Минерва (Богини, или Три романа герцогини Асси - 2)
Шрифт:
"Нет, она никогда не узнает этого!" - поклялся себе мальчик, гордый и бледный, и вернулся на свое место. За окном носилась и рыдала музыка смерти Травиаты. Герцогиня покачала головой.
– Ну?
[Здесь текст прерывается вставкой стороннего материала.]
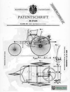 Esquisito, tipo cruza de triciclo com carroça, soluções mecânicas hoje risíveis, feito em ferramentas primárias, este é o veículo auto móvel patenteado pelo engenheiro Carl Friedrich Benz aos 29 de janeiro de 1886. Foi a primeira patente para um, digamos com boa vontade, automóvel movido por combustível de nome e funções estranhas, o Lidoin, derivado de petróleo empregado em limpeza doméstica.

Что же ты должен сказать мне?
– спросила она, серьезно и дружески глядя на него.
Ему хотелось плакать. В душе он молил ее: "Только не это! Все остальное я скажу тебе". Он подумал минуту, а глубине души боясь, чтобы она не забыла своего вопроса.
– Например, о славе, - торопливо сказал он.
– Когда в мастерской
Он пожал плечами. Он понимал славу только, как нечто целое, внезапное, не поддающееся вычислению, покоряющее. Его удивляли и преисполняли презрением все рассказы о тайных ходах, ведших к ней, о суммах, уплаченных за нее, об уступках общественному мнению, о соглашениях с его руководителями, об унизительных домогательствах, о тайном румянце стыда... Нет, слава была таинством.
– Недавно я прочел, - торжественно сообщил он, широко раскрывая глаза, - что лорд Байрон однажды утром проснулся знаменитым.
– Как это прекрасно!
– сказала герцогиня.
– Правда?
Его сердце вдруг опять забилось, как тогда, когда он, весь бледный, со вздохом положил книгу.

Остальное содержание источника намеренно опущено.